What and Why People Believe

Published on September 11, 2004

By Diane Winston How does the paper of record report on religion? If the September 11, 2004 story on Montpelier, Vermont’s new rabbi is any indication, not very thoroughly. The article, which appeared in Saturday’s “Religion Journal” contained one egregious error and several significant omissions. Toward the end of the piece, reporter Katie Zezima writes “The search committee found […]

By Diane Winston

How does the paper of record report on religion? If the September 11, 2004 story on Montpelier, Vermont’s new rabbi is any indication, not very thoroughly.

The article, which appeared in Saturday’s “Religion Journal” contained one egregious error and several significant omissions.

Toward the end of the piece, reporter Katie Zezima writes “The search committee found Rabbi Margolin, a constructionist who had spent fifteen years building a small congregation in Belle Mead, N.J. into a thriving synagogue and Hebrew School.” Huh? “A constructionist?” Is that a new term for rabbis who build synagogues?

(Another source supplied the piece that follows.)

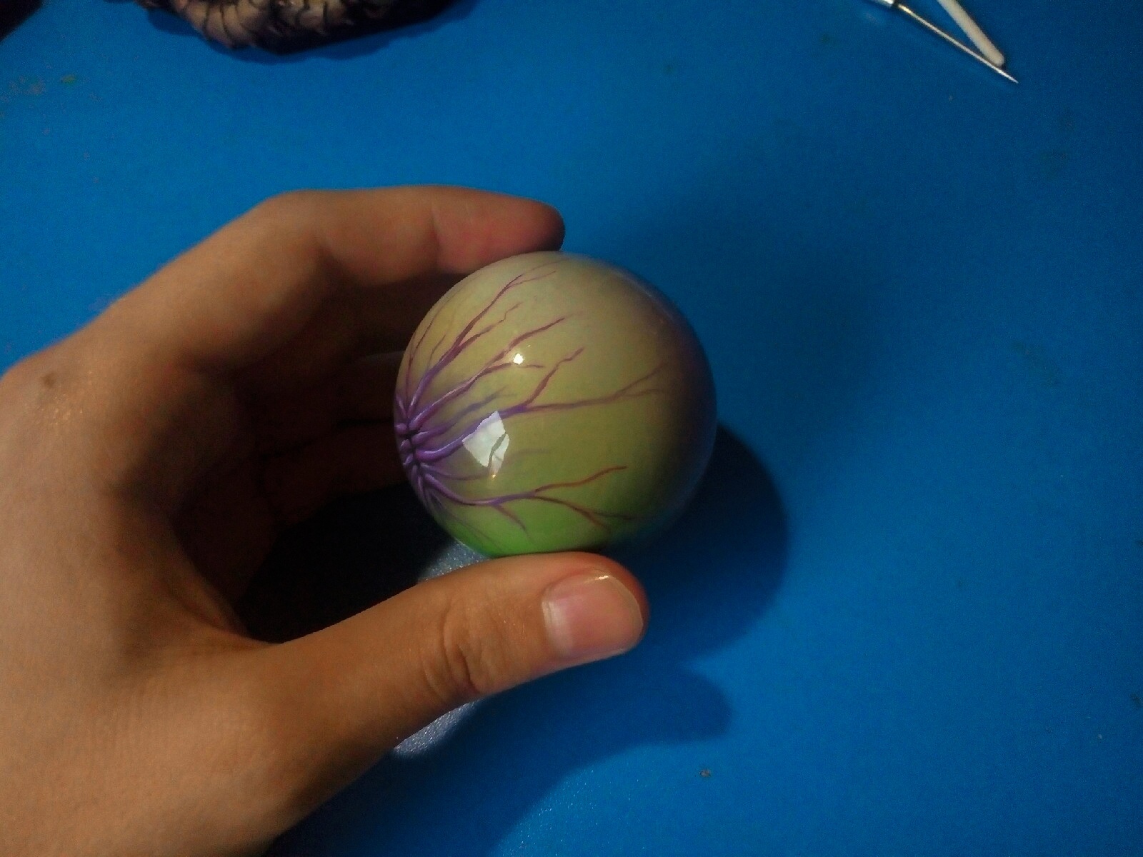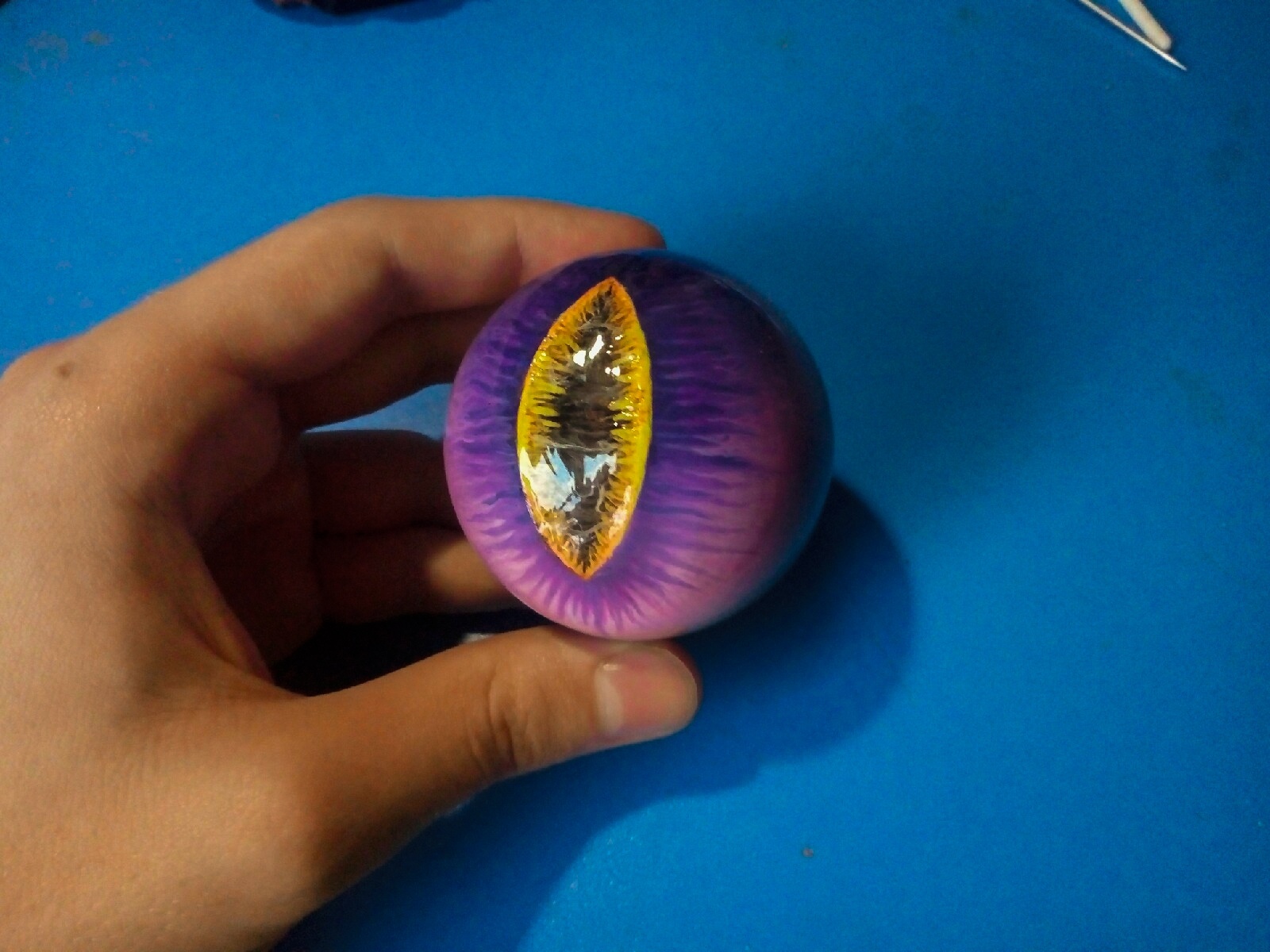 Покрасил и покрыл УФ смолой для имитации глазного яблока.

Didn’t anyone on the copy desk wonder?

What Ms. Margolin actually said was that she was a Reconstructionist, a member of the smallest–but arguably most influential–branch of Judaism. That information, as well as some description of Reconstructionist Judaism–no less Judaism itself–is missing from this edition of the Religion Journal. Readers find out how the rabbi and congregation feel about issues of rabbinic authority versus lay leadership, gay congregants and clergy, and Jewish life in Vermont. But who is Shana Margolin? How was she trained? And most important, how will she bridge the different Jewish traditions–Reform, Conservative and Orthodox–that exist in Temple Beth Jacob?

Even if the reporter had written that Rabbi Margolin is a Reconstructionist (and the prefix dropped out after she filed), there is no mention of the ideas, beliefs and traditions that animate Judaism, Reconstructionism, Rabbi Margolin, or members of Temple Beth Jacob. It’s a lost opportunity because the story of a quirky synagogue and its creative rabbi holds a lot of promise.

However it’s the kind of promise that rarely gets covered. Two 1999 studies, one funded by the Ford Foundation and the other by the Pew Charitable Trusts, found that religion itself — what and why people believe — was missing from most reporting that ostensibly covered religion.

That the latest installment of what The New York Times presents as its “Religion Journal” should illustrate this very point is a sad epiphany.

Diane Winston is the Knight Chair in Media and Religion at the Annenberg School for Communication at the University of Southern California.